На минуту Хоакин остановился, как бы выжидая, но, так как жена молчала, он продолжал:
– Против этого зла есть только одно средство – смерть. Кто знает… возможно, я с ним и родился, с ним и умру. А этот жалкий исповедничек, который не смог помочь мне и даже не смог облегчить мои страдания, теперь – я в этом убежден – толкает мою дочь, твою дочь, нашу дочь в монастырь, чтобы там она молилась за меня, чтобы своим самопожертвованием спасла меня…
– Но при чем же тут самопожертвование… Она говорит, что в этом заключается ее призвание…
– Это ложь, Антония, уверяю тебя, чистейшая ложь.
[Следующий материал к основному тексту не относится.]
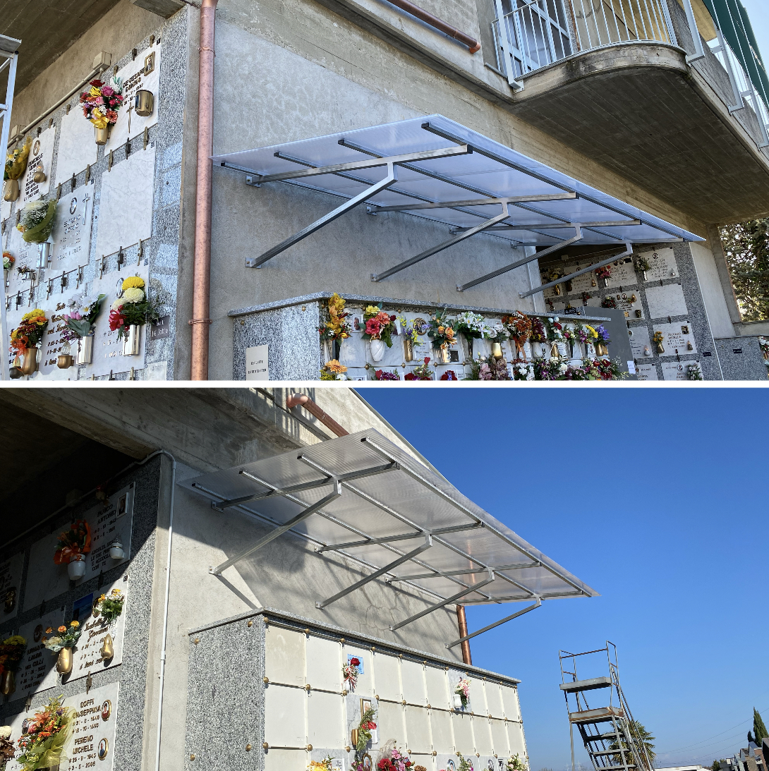 L'Ufficio Tecnico Area Lavori Pubblici informa che sono terminati i lavori di posa delle pensiline a protezione delle cellette cinerarie del XIV lotto.

Большинство из тех, кто идет в монашки, идет туда, чтобы не работать и вести жизнь хотя и бедную, но беспечную, предаваться отдохновению и мистическим грезам… Есть и такие, которые стремятся туда, чтобы вы«, рваться из опостылевшего им дома. И вот наша дочь тоже бежит, бежит от нас.
– От тебя бежит…
– Да, бежит от меня! Она разгадала мою душу!
– К тому же теперь, когда у тебя появилась новая привязанность, этот…
– Ты хочешь сказать, что она бежит от него?
– Нет, просто от твоего очередного каприза…
– Каприза? Каприза, говоришь? Обо мне можно сказать все, что угодно, кроме того, что я капризен, Антония. Я все принимаю всерьез, Антония, все – абсолютно всерьез!
– Да и, может быть, даже слишком всерьез, – прибавила его жена, заливаясь слезами.
– Будет, не надо плакать, Антония, святая моя, мои добрый гений… Прости, если я что-нибудь сказал не так…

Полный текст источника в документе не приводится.